14 and behold in/on/with affliction my to establish: prepare to/for house: temple LORD gold talent hundred thousand and silver: money thousand thousand talent and to/for bronze and to/for iron nothing weight for to/for abundance to be and tree: wood and stone to establish: prepare and upon them to add
Zie daar, ik heb in mijn verdrukking voor het huis des HEEREN bereid honderd duizend talenten gouds, en duizend maal duizend talenten zilvers; en des kopers en des ijzers is geen gewicht, want het is er in menigte; ik heb ook hout en stenen bereid; doe gij er nog meer bij.
15 and with you to/for abundance to make: [do] work to hew and artificer stone and tree: carpenter and all wise in/on/with all work
Ook zijn er bij u in menigte, die het werk kunnen doen, houwers, en werkmeesters in steen en hout, en allerlei wijze lieden in allerlei werk.
16 to/for gold to/for silver: money and to/for bronze and to/for iron nothing number to arise: rise and to make: do and to be LORD with you
Des gouds, des zilvers, en des kopers, en des ijzers is geen getal; maak u op, en doe het, en de HEERE zal met u zijn.

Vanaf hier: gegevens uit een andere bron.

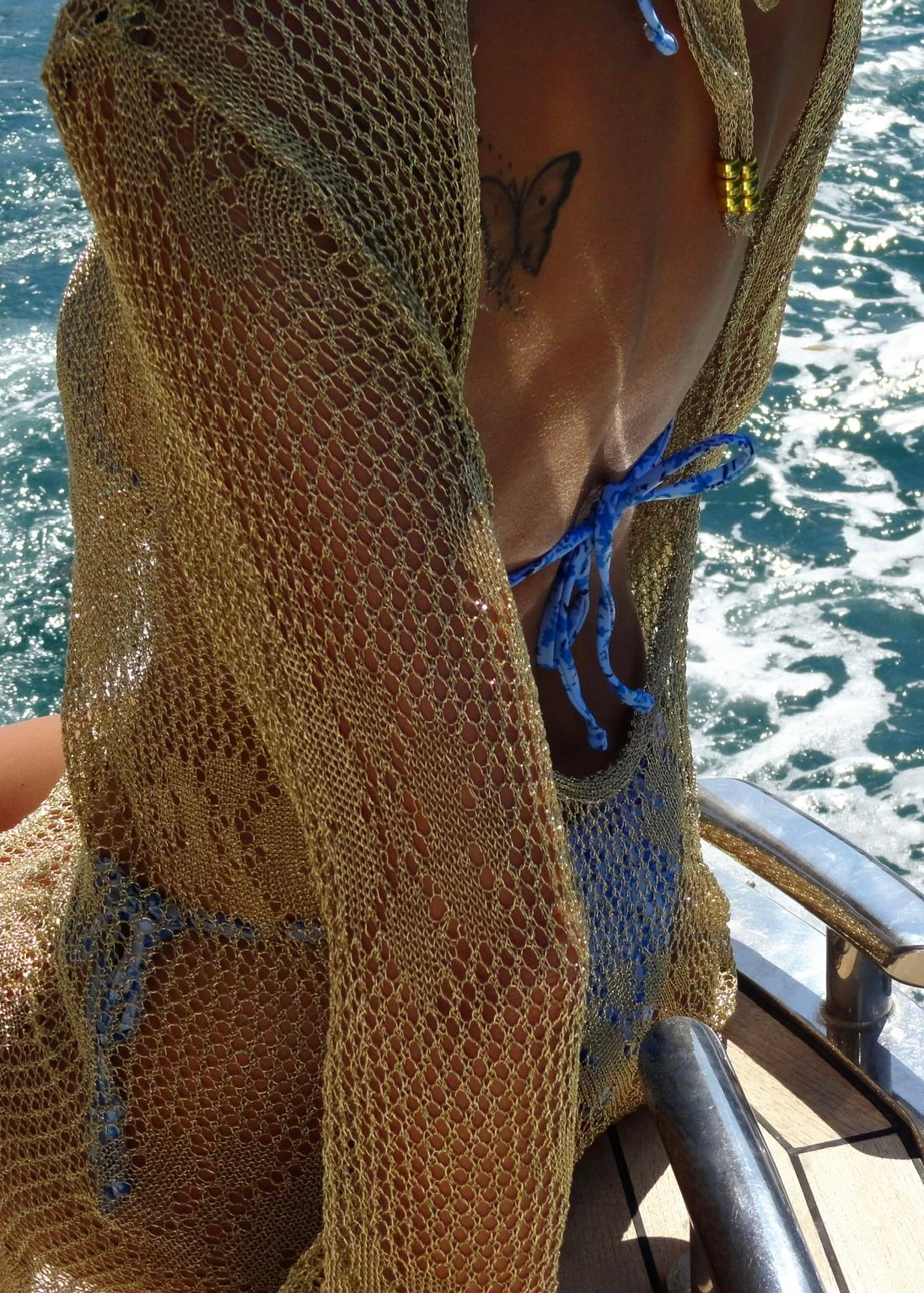 Made with soft, gold-thread mesh that catches the light with every move. It’s open-backed, flowy, and detailed with gold touches.

17 and to command David to/for all ruler Israel to/for to help to/for Solomon son: child his
Ook gebood David aan alle vorsten van Israel, dat zij zijn zoon Salomo helpen zouden, zeggende:
18 not LORD God your with you and to rest to/for you from around: side for to give: give in/on/with hand: power my [obj] to dwell [the] land: country/planet and to subdue [the] land: country/planet to/for face: before LORD and to/for face: before people his
Is niet de HEERE, uw God, met ulieden, en heeft u rust gegeven rondom henen? Want Hij heeft de inwoners des lands in mijn hand gegeven, en dit land is onderworpen geworden voor het aangezicht des HEEREN, en voor het aangezicht Zijns volks.
19 now to give: put heart your and soul your to/for to seek to/for LORD God your and to arise: rise and to build [obj] sanctuary LORD [the] God to/for to come (in): bring [obj] ark covenant LORD and article/utensil holiness [the] God to/for house: home [the] to build to/for name LORD
Zo begeeft dan nu uw hart en uw ziel, om te zoeken den HEERE, uw God, en maakt u op, en bouwt het heiligdom Gods des HEEREN; dat men de ark des verbonds des HEEREN en de heilige vaten Gods in dit huis brenge, dat den Naam des HEEREN zal gebouwd worden.